* [Material provided]
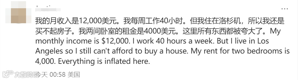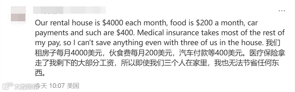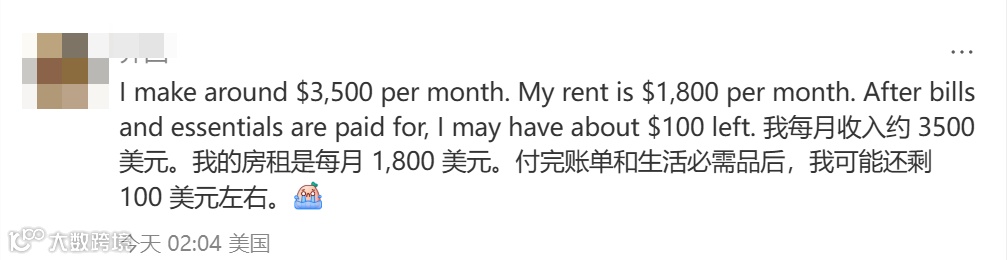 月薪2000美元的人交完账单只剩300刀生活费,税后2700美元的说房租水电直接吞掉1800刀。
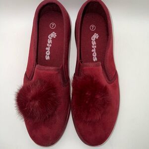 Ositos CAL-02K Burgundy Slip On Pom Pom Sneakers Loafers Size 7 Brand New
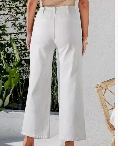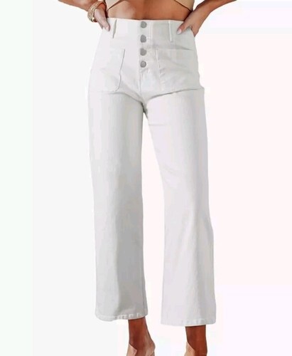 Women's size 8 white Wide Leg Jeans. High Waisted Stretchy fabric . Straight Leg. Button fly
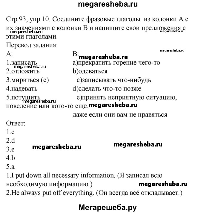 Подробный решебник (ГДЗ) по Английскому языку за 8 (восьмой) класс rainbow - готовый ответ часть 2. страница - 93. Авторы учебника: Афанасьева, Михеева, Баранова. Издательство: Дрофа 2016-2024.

* [Work instruction]
Once the pictures are dropped, please print every remaining line of the material verbatim.

* [Your response]
 月薪2000美元的人交完账单只剩300刀生活费,税后2700美元的说房租水电直接吞掉1800刀。
 Ositos CAL-02K Burgundy Slip On Pom Pom Sneakers Loafers Size 7 Brand New
 Women's size 8 white Wide Leg Jeans. High Waisted Stretchy fabric . Straight Leg. Button fly
 Подробный решебник (ГДЗ) по Английскому языку за 8 (восьмой) класс rainbow - готовый ответ часть 2. страница - 93. Авторы учебника: Афанасьева, Михеева, Баранова. Издательство: Дрофа 2016-2024.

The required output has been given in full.